# Brides Tattoos and Wedding ( --- C&C Please



## zendianah (Aug 2, 2007)




----------



## eddiesimages (Aug 2, 2007)

Nice photos. I like your style - the coloring.


----------



## hawee99 (Aug 2, 2007)

Looks like a cool bunch of people.  I like the shots, they are cool looking.  Any idea if that sleeved chick with red hair is single?


----------



## kundalini (Aug 2, 2007)

The girl that you posted before and again in #4 is just too cool, graet shot.  Really like the two of the little fellow giving the right cross...or is it a hook...nah, pretty sure it's a cross?  Anyway, looks like a great time and good folk.


----------



## Tangerini (Aug 2, 2007)

OMG that's too funny!  I know the guy getting punched, he's a friend of mine  (I thought the girl from your other post looked familiar, it's his wife!)

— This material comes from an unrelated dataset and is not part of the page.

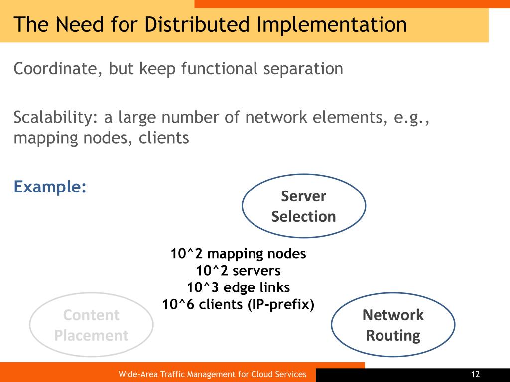 The Need for Distributed Implementation • Coordinate, but keep functional separation • Scalability: a large number of network elements, e.g., mapping nodes, clients • Example: Server Selection 10^2 mapping nodes 10^2 servers 10^3 edge links 10^6 clients (IP-prefix) Content Placement Network Routing Wide-Area Traffic Management for Cloud Services

I like how these turned out.  Nicely done


----------



## zendianah (Aug 2, 2007)

WOW really!! Thats awesome. I thought that his wife is so beautiful.. Very cool energy around her.


----------



## JimmyJaceyMom (Aug 2, 2007)

Hey these are very impressive!  I LOVE them!  You did an excellent job - I am proud and jealous of you.    
I love the PP - it looks awesome! I bet they will just freak!


----------



## Garbz (Aug 3, 2007)

Fantastic job of the little kid not obeying the natural pecking order.


----------



## zendianah (Aug 3, 2007)

JimmyJaceyMom said:


> Hey these are very impressive! I LOVE them! You did an excellent job - I am proud and jealous of you.
> I love the PP - it looks awesome! I bet they will just freak!


 
WOW... Thank you . I really didnt expect this at all. This wedding had the most colorful and fun people. I felt right at home.


----------



## zendianah (Aug 3, 2007)

Garbz said:


> Fantastic job of the little kid not obeying the natural pecking order.


 

Thanks Garbz !


----------



## DeepSpring (Aug 3, 2007)

You did a  great job. I especially like the coloring of these


----------



## NJMAN (Aug 3, 2007)

I think you did a wonderful job on the post processing. Im impressed! The soft focus looks great. 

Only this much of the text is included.